As for his silence, he'd had trouble using his cellphone since he arrived in Alaska — an issue with his carrier being recognized intermittently up here.
Ah. Yes. It was all coming back to me now.
That moment, which revealed how dramatic my imagination can be, also taught me the importance of bringing a trip plan around full circle.
Telling someone where you're going before you head into the backcountry is a no-brainer. But telling that person when you're safe is also critical, so you don't leave them wondering about your fate.
I have a rotating list of safety buddies. Before I head to the mountains, I'll tell one of them — someone in town who will be able to contact troopers in case of emergency — my plan. With some variations, that plan will consist of at least four key pieces of knowledge: 1) where I'm going; 2) my backup plan in case Option 1 falls through; 3) when I expect to be back; and 4) when they should call for help.

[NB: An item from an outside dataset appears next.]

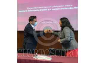 CIUDAD DE MÉXICO, 17JUNIO2021.- Eréndira Sandoval Ballesteros, secretaria de la función pública firmó con Arturo Reyes Sandoval, director general del Instituto Politécnico Nacional (IPN), un convenio de colaboración entre ambas instituciones para la realización de proyectos de profesionalización del servicio público, que permitan captar, retener y desarrollar el talento de las personas servidoras públicas. FOTO: CUARTOSCURO.COM

This is mostly common sense. Clarifying that fourth element, though, takes the guesswork out of calling for help. If I don't do that, then my friends are on the hook after my expected return time, unsure of what course of action to take.
I don't want to bring uncertainty into the equation.

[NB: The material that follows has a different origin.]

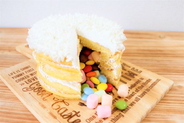 自作できるので「お菓子のバースデープレゼントと思いきや紙吹雪が飛び出してドッキリ」なんてサプライズ演出もできますよ。

One tip on telling someone your backup plan: An Alaska Avalanche School instructor recommended not being too specific. You may need to deviate from Plan A and Plan B for any number of reasons, and giving others a narrow window into your location could doom search efforts to failure.
And when it comes to search and rescue, having hard conversations with your loved ones is important before you venture far into the backcountry. For an acquaintance on a recent backpacking trip, that discussion is absolutely crucial. From her perspective, if the worst should happen — if a potential rescue turns into a body recovery — she wouldn't want the lives of rescuers to be endangered as well. (Speaking for myself, I would agree.)
The best way for me to avoid a situation like that is to put a premium on sound decision-making and risk management. Again, common sense. But we're lucky to have search-and-rescue resources here in Southcentral Alaska, and I'd never want to put someone else at risk. So for me, every adventure offers a lesson in accountability and self-reliance. That safety buddy back home is just an extra layer of insurance.
Since Pete's visit, "proof of life" has become a familiar refrain on my hikes. It's how I describe that communication with a friend to let them know I'm safe.
Sometimes, it's a one-word text: "Alive!" At other times, I'll send a photo of my post-hike meal, or a summit, or my beat-up gear after a dispiriting bushwhack.